WHAT YOU WILL DO: Go to the line holding "This High Tea" in the data below and repeat it exactly, then each line after it up to and including the one holding "Denna trädekor levereras". Omit pictures.

** Opening DATA FOR THIS TASK block **

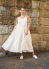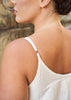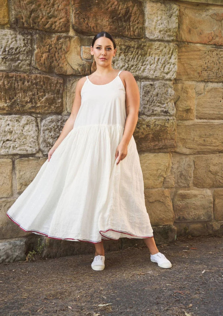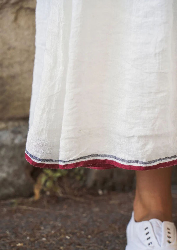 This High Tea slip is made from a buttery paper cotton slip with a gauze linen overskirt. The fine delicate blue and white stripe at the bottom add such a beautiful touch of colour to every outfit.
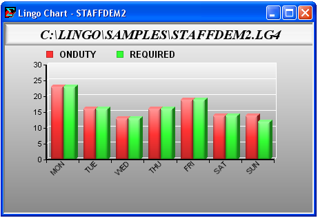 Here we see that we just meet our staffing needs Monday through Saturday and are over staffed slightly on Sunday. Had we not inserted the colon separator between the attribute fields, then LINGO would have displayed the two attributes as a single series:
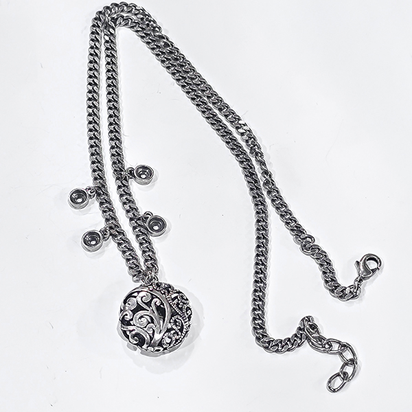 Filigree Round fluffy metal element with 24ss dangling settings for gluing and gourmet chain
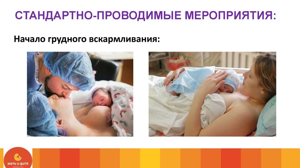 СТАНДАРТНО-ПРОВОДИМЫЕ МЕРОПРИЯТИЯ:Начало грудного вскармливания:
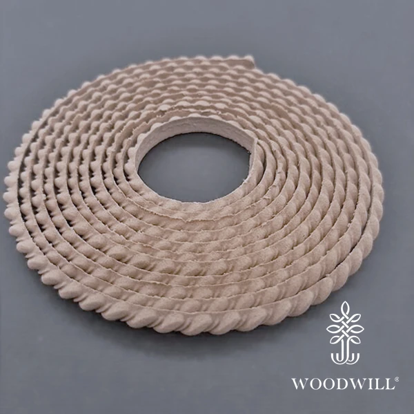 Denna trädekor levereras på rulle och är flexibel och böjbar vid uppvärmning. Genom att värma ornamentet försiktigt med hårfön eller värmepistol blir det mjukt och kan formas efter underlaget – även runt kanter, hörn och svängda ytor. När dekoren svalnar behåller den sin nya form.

** Closing DATA FOR THIS TASK block **
** Opening DATA FOR THIS TASK block **

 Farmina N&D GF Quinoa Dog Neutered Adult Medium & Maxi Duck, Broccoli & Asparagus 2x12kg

** Closing DATA FOR THIS TASK block **

TASK OUTPUT:
 This High Tea slip is made from a buttery paper cotton slip with a gauze linen overskirt. The fine delicate blue and white stripe at the bottom add such a beautiful touch of colour to every outfit.
 Here we see that we just meet our staffing needs Monday through Saturday and are over staffed slightly on Sunday. Had we not inserted the colon separator between the attribute fields, then LINGO would have displayed the two attributes as a single series:
 Filigree Round fluffy metal element with 24ss dangling settings for gluing and gourmet chain
 СТАНДАРТНО-ПРОВОДИМЫЕ МЕРОПРИЯТИЯ:Начало грудного вскармливания:
 Denna trädekor levereras på rulle och är flexibel och böjbar vid uppvärmning. Genom att värma ornamentet försiktigt med hårfön eller värmepistol blir det mjukt och kan formas efter underlaget – även runt kanter, hörn och svängda ytor. När dekoren svalnar behåller den sin nya form.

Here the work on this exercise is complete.